The best players in the world don't react to the ball. They react to the information that predicts where the ball will go — before it's hit.
This is anticipation. And it's the single hardest thing to teach.
What anticipation actually is
Anticipation isn't guessing. It's pattern recognition built through thousands of hours of observation. When a professional watches an opponent wind up, they're reading: the shoulder turn, the racket position, the stance, the eyes. Each of those inputs narrows the probability distribution of possible shots. By the time the ball leaves the strings, they've already started moving.
Recreational players react to the ball. Elite players react to the setup.
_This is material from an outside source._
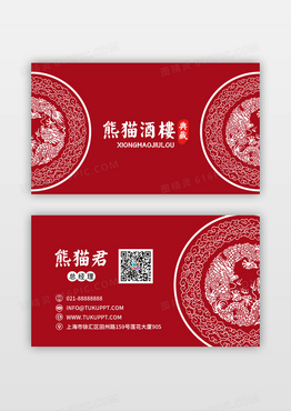 中国风名片红色古典大气中国风酒楼酒店餐饮业名片

Why you can't drill it directly
You can't design a drill that teaches anticipation the way you can drill a forehand. You can't set up cones for it. It has to be absorbed through exposure — watching a lot of tennis, playing a lot of points, and developing a library of pattern-outcome associations that your brain can access automatically.
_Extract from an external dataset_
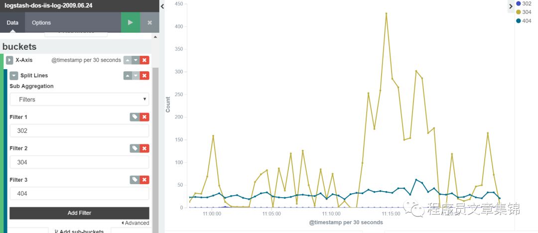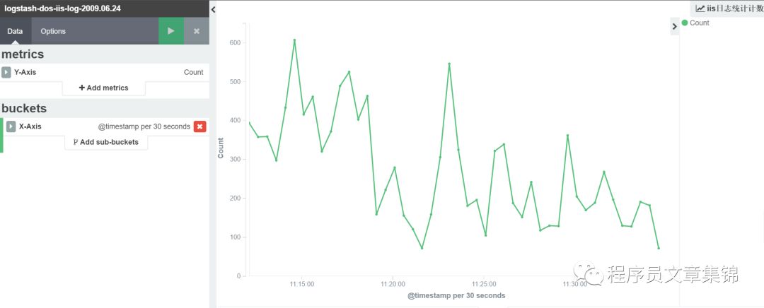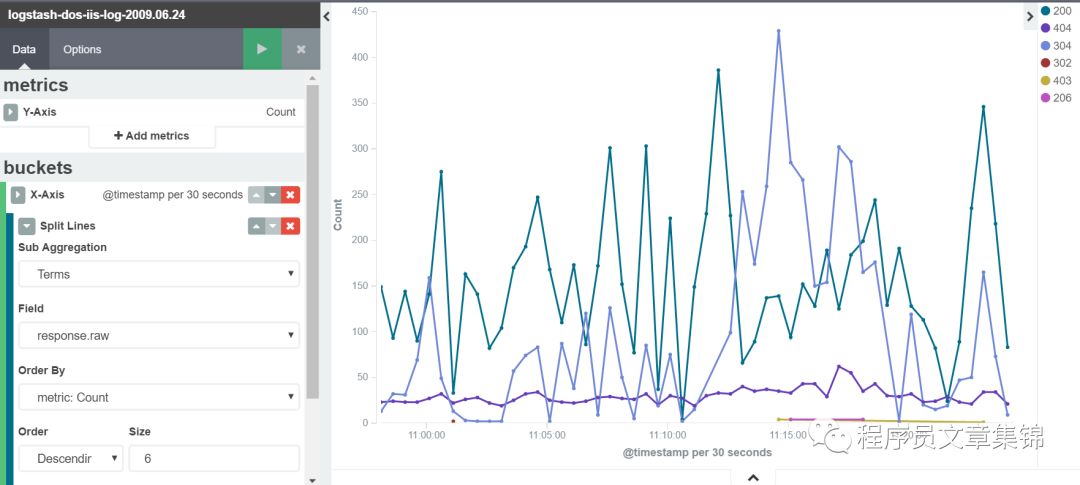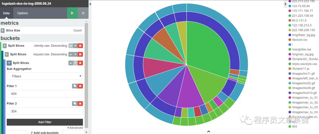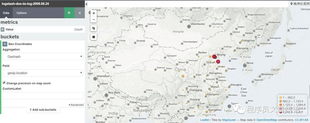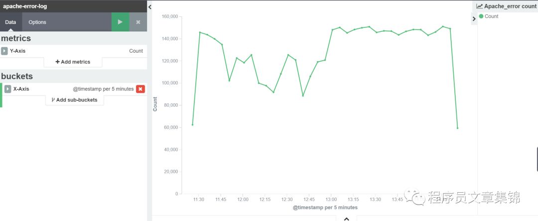1直方图的 Y 轴是数值维度,图形的 X 轴是buckets 维度。类似折线图,可以选择字段用terms、filters等过滤。

What you can do is create conditions that accelerate this.
What I do with students
Watching before playing. I'll sometimes have a student watch me hit for five minutes before a session, specifically asking them to predict where the ball is going before I hit it. Just notice. Build the habit of looking at setup rather than flight.
Smaller courts, more information. Mini tennis forces anticipation because the margins are so tight that you genuinely can't survive on reaction alone.
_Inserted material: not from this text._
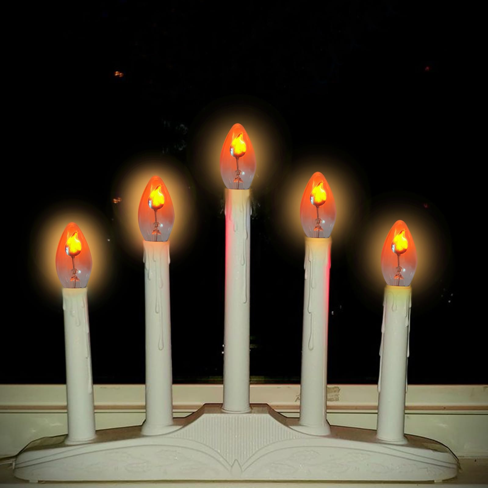 - Flame Bulb Versatile Decorative Use: E12 Flickering Flame Bulb are great for electric window candle, night lights, chandelier, ceiling fan, indoor outdoor string light, Holiday, Christmas and Halloween decorations lighting. Outdoor flame light bulbs convert regular lights string into unique conversation starters.

Verbal prediction. "Tell me where that ball is going." Out loud, before it arrives. The verbalization forces conscious engagement with cues that normally stay unconscious.
Video review. Watching match footage — theirs or professionals' — with the specific focus of tracking opponent setup rather than ball flight.
None of this is a shortcut. Anticipation develops slowly. But students who consciously practice watching tend to develop it faster than students who just play.
The read is the shot
In a long rally, the player who can anticipate even half a second earlier is consistently in better position, with more time, more options. That margin compounds over a whole match.
The shot you hit is important. Where you are when you hit it is more important. The read that put you there is the most important of all.